We want to minimize the objective function

\[L = \frac{1}{2} \sum_{i=1}^m (y_i - f(x_i))^2\]

Taking derivatives with respect to \(\beta\), we get

\[\begin{split}\frac{dL}{d\beta} = \begin{bmatrix} \sum_{i=1}^m f(x_i) - y_i \\ \sum_{i=1}^m x_i (f(x_i) - y_i) \\ \sum_{i=1}^m x_i^2 (f(x_i) - y_i) \end{bmatrix}\end{split}\]

Working with matrices

Writing the above system as a matrix, we have \(f(x) = X\beta\), with

\[\begin{split}X = \begin{bmatrix} 1 & x_1 & x_1^2 \\ 1 & x_2 & x_2^2 \\ \vdots & \vdots & \vdots \\ 1 & x_m & x_m^2 \end{bmatrix}\end{split}\]

and

\[\begin{split}\beta = \begin{bmatrix} \beta_0 \\ \beta_1 \\ \beta_2 \end{bmatrix}\end{split}\]

We want to find the derivative of \(\Vert y - X\beta \Vert^2\), so

\[\begin{split}\Vert y - X\beta \Vert^2 \\ = (y - X\beta)^T(y - X\beta) \\ = (y^T - \beta^TX^T)(y - X\beta) \\ = y^Ty - \beta^TX^Ty -y^TX\beta + \beta^TX^TX\beta\end{split}\]

Taking derivatives with respect to \(\beta^T\) (we do this because the gradient is traditionally a row vector, and we want it as a column vector here), we get (after multiplying by \(1/2\) for the residue function)

\[\frac{dL}{d\beta^T} = X^TX\beta - X^Ty\]

For example, if we are doing gradient descent, the update equation is

\[\beta_{k+1} = \beta_k + \alpha (X^TX\beta - X^Ty)\]

Note that if we set the derivative to zero and solve, we get

\[X^TX\beta - X^Ty = 0\]

and the normal equations

\[\beta = (X^TX)^{-1}X^Ty\]

For large \(X\), solving the normal equations can be more expensive than simpler gradient descent.
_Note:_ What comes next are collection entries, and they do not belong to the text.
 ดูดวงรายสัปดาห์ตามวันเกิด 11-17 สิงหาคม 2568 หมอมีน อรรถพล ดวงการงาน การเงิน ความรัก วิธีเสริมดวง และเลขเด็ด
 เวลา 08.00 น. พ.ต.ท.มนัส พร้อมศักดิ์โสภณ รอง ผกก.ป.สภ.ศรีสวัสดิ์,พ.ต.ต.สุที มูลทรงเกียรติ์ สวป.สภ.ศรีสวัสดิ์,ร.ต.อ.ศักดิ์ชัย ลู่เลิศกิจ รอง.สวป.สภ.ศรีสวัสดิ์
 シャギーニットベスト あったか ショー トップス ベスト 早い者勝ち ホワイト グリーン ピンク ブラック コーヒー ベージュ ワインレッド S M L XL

Note that the Levenberg-Marquadt algorithm is often used to optimize least squares problems.

Example

You are given the following set of data to fit a quadratic polynomial to:

x = np.arange(10)
y = np.array([  1.58873597,   7.55101533,  10.71372171,   7.90123225,
                -2.05877605, -12.40257359, -28.64568712, -46.39822281,
                -68.15488905, -97.16032044])
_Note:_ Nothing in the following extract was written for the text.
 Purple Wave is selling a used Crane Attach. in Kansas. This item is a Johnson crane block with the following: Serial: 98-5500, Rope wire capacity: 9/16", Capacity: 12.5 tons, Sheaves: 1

Find the least squares solution using gradient descent.

x = np.arange(10)
y = np.array([  1.58873597,   7.55101533,  10.71372171,   7.90123225,
                -2.05877605, -12.40257359, -28.64568712, -46.39822281,
                -68.15488905, -97.16032044])

def f(x, y, b):
    return (b[0] + b[1]*x + b[2]*x**2 - y)

def res(x, y, b):
    return sum(f(x,y, b)*f(x, y, b))

# Elementary form of gradient
def grad(x, y, b):
    n = len(x)
    return np.array([
            sum(f(x, y, b)),
            sum(x*f(x, y, b)),
            sum(x**2*f(x, y, b))
    ])

# Matrix form of gradient
def grad_m(X, y, b):
    return X.T@X@b- X.T@y

grad(x, y, np.zeros(3))

array([  227.0657638 ,  1933.9094954 , 15758.14427298])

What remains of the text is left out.